Exercise prompt
Every line from the top of the records below through the one containing "Be the first" must be copied exactly, and the pictures must not be.

● ● ● ● ●

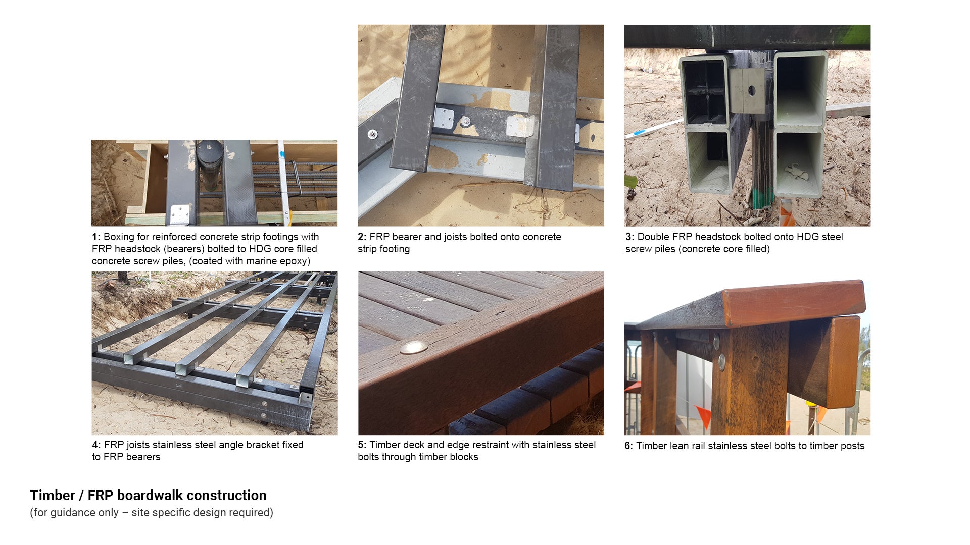 Fibre reinforced plastic (FRP) substructure is constructed, above ground level on steel tube core filled epoxy coated piers or set in concrete footings. The timber superstructure is constructed next. See Figure 11: Timber/FRP boardwalk.
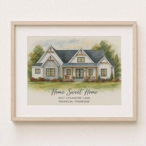 Be the first to review ““Custom Watercolor Home Portrait – Personalized ‘Home Sweet Home’ Art with Address and Date”” Cancel reply
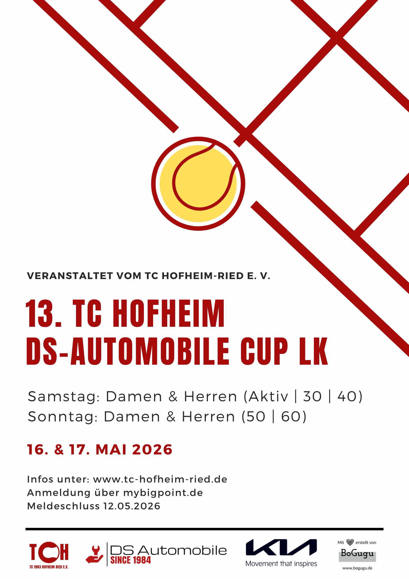 Auch in diesem Jahr freuen wir uns zusammen mit unserem langjährigen Sponsor DS Automobile eines der beliebtesten LK-Turniere der Region auszurichten. Neben Abziehservice und Kuchenverkauf gibt es eine super Turnierorganisation und kalte Getränke. Meldet euch an oder kommt zum Zuschauen vorbei und genießt ein paar schöne Stunden auf der Anlage.
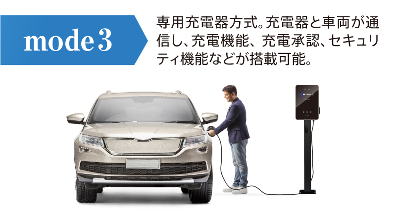 Mode2の最大出力は3.0kW、 Mode3は6kW。EVの電池は年々大容量に進化しており、6kW充電が必需品。
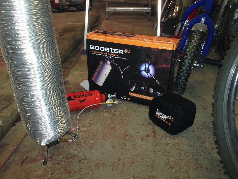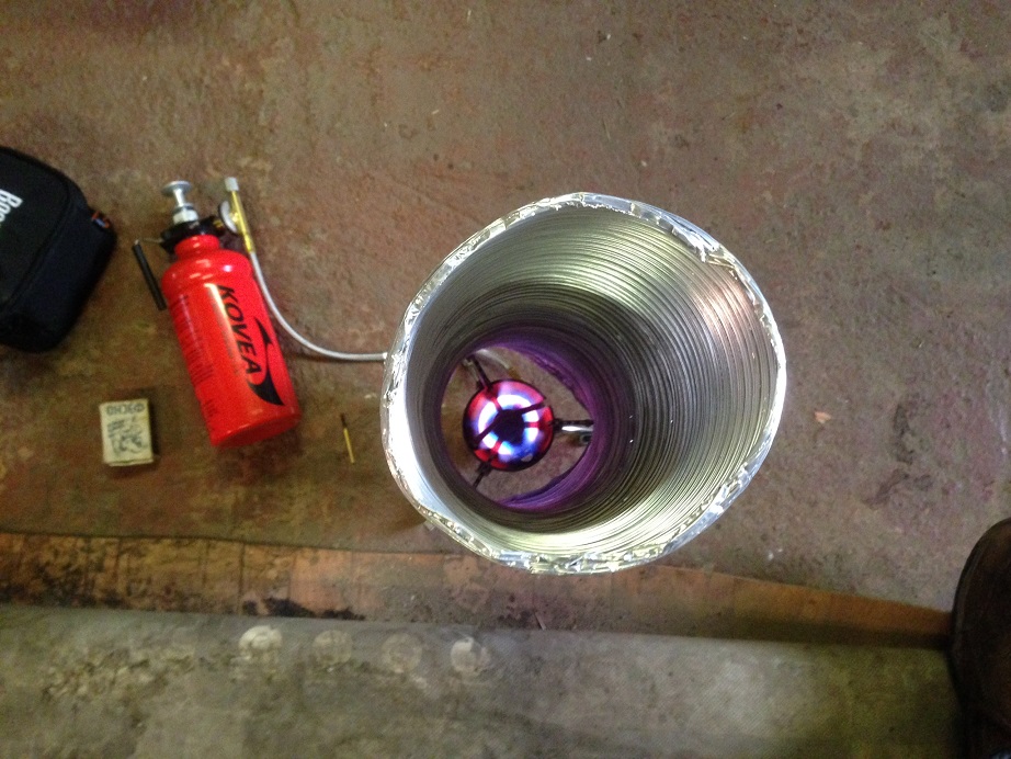 Работает на газу и на бензине. Горячий поток воздуха идет под хорошим напором. Температура на выходе из трубы примерно градусов 80-90. На морозе наверное по прохладнее будет. Попробую на днях к вертолету приладить. Все вместе весит около 1 кг.
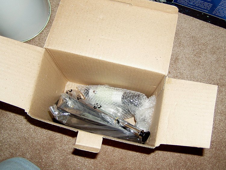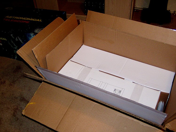 The accessory box. Note the inadequate padding. If the carrier handles the box roughly (known to happen), the heavy counterbalance shaft could punish the fragile finderscope.
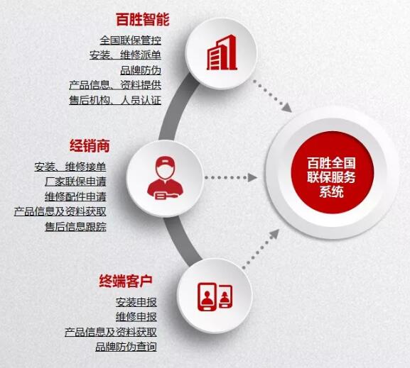 百勝全國聯(lián)保服務系統(tǒng)的應用,將為終端客戶、經(jīng)銷商提供一個高效統(tǒng)一的售后服務管理平臺和內部服務質量跟蹤的信息渠道。
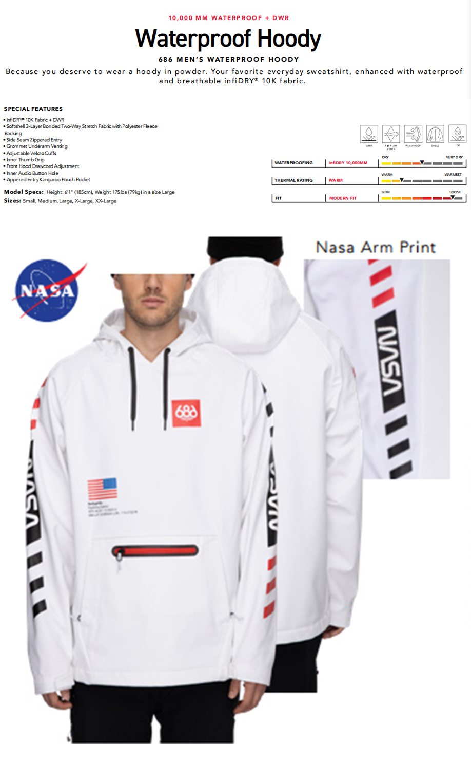 686 21-22 新款 Waterproof Hoody男款套头雪服 NASA联名款

● ● ● ● ●

Answer
 Fibre reinforced plastic (FRP) substructure is constructed, above ground level on steel tube core filled epoxy coated piers or set in concrete footings. The timber superstructure is constructed next. See Figure 11: Timber/FRP boardwalk.
 Be the first to review ““Custom Watercolor Home Portrait – Personalized ‘Home Sweet Home’ Art with Address and Date”” Cancel reply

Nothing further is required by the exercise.